As I understand the arguments are passed to the slave processes by pickling, but how does pool pass the called function to other processes? Or how do sub-processes find the called function?

like image 698
Syrtis Major Avatar asked Sep 06 '25 03:09

Syrtis Major


1 Answers

tl;dr: the issue at map-3 where the first func is being called, when one would expect the second func to be is due to the fact that Pool.map() serializes func.__name__ with pickle which resolves to func even though it's being assigned to the func2 reference, and is sent to the child process, which looks up the func locally to the child process.



ok so I can count four different questions, listed below, and I consider you're already lectured about namespaces and forking processes, to get straight into the fun of your question ☺

① But how does map-3 find the name func2?

② So func2 = func is indeed executed, while def func(i): print('second') is not.
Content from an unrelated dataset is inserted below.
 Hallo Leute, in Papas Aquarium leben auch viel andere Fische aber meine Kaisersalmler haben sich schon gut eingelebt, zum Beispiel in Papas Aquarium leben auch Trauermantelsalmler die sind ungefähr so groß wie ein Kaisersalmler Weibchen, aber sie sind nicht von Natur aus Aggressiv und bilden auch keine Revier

Why?

③ Then map-3 won't find name func2 as mentioned by many posts, eg. this one. What's the difference between two cases?
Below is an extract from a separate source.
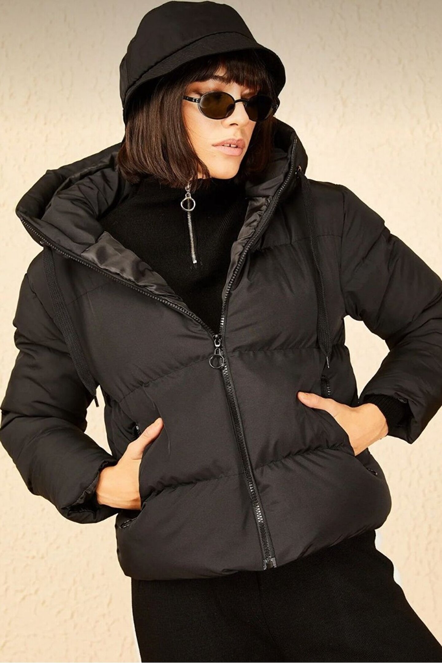 moda armanc Kadın Siyah Kapüşonlu Şişme Mont - Oversize, Yaka Bağcıklı

④ As I understand the arguments are passed to the slave processes by pickling, but how does pool pass the called function to other processes? Or how do sub-processes find the called function?
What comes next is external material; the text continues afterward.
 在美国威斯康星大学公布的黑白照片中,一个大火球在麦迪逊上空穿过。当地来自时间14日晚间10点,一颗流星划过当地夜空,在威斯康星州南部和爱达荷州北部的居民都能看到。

So I've added a bit more code, to show off more of the internals:

import os
from multiprocessing import Pool

print(os.getpid(), 'parent')

def func(i):
    print(os.getpid(), 'first', end=" | ")
    if 'func' in globals():
        print(globals()['func'], end=" | ")
    else:
        print("no func in globals", end=" | ")
    if 'func2' in globals():
        print(globals()['func2'])
    else:
        print("no func2 in globals")

print('------ map-1')
pool1 = Pool(2)
pool1.map(func, range(2))         #map-1

def func(i):
    print(os.getpid(), 'second', end=" | ")
    if 'func' in globals():
        print(globals()['func'], end=" | ")
    else:
        print("no func in globals", end=" | ")
    if 'func2' in globals():
        print(globals()['func2'])
    else:
        print("no func2 in globals")
func2 = func

print('------ map-2')
pool1.map(func,  range(2))        #map-2
print('------ map-3')
pool1.map(func2,  range(2))       #map-3

pool2 = Pool(2)
print('------ map-4')
pool2.map(func,   range(2))       #map-4
print('------ map-5')
pool2.map(func2,  range(2))       #map-5

which outputs on my system:

21512 parent
------ map-1
21513 first | <function func at 0x7f62d67f7cf8> | no func2 in globals
21514 first | <function func at 0x7f62d67f7cf8> | no func2 in globals
------ map-2
21513 first | <function func at 0x7f62d67f7cf8> | no func2 in globals
21514 first | <function func at 0x7f62d67f7cf8> | no func2 in globals
------ map-3
21513 first | <function func at 0x7f62d67f7cf8> | no func2 in globals
21514 first | <function func at 0x7f62d67f7cf8> | no func2 in globals
------ map-4
21518 second | <function func at 0x7f62d531bed8> | <function func at 0x7f62d531bed8>
21519 second | <function func at 0x7f62d531bed8> | <function func at 0x7f62d531bed8>
------ map-5
21518 second | <function func at 0x7f62d531bed8> | <function func at 0x7f62d531bed8>
21519 second | <function func at 0x7f62d531bed8> | <function func at 0x7f62d531bed8>

so, we can see that for pool1 there never is a func2 being added to the namespace. So there is definitely something fishy going on there, and it's being too late for me to look thoroughly at the source of multiprocessing and at the debugger to understand what's going on.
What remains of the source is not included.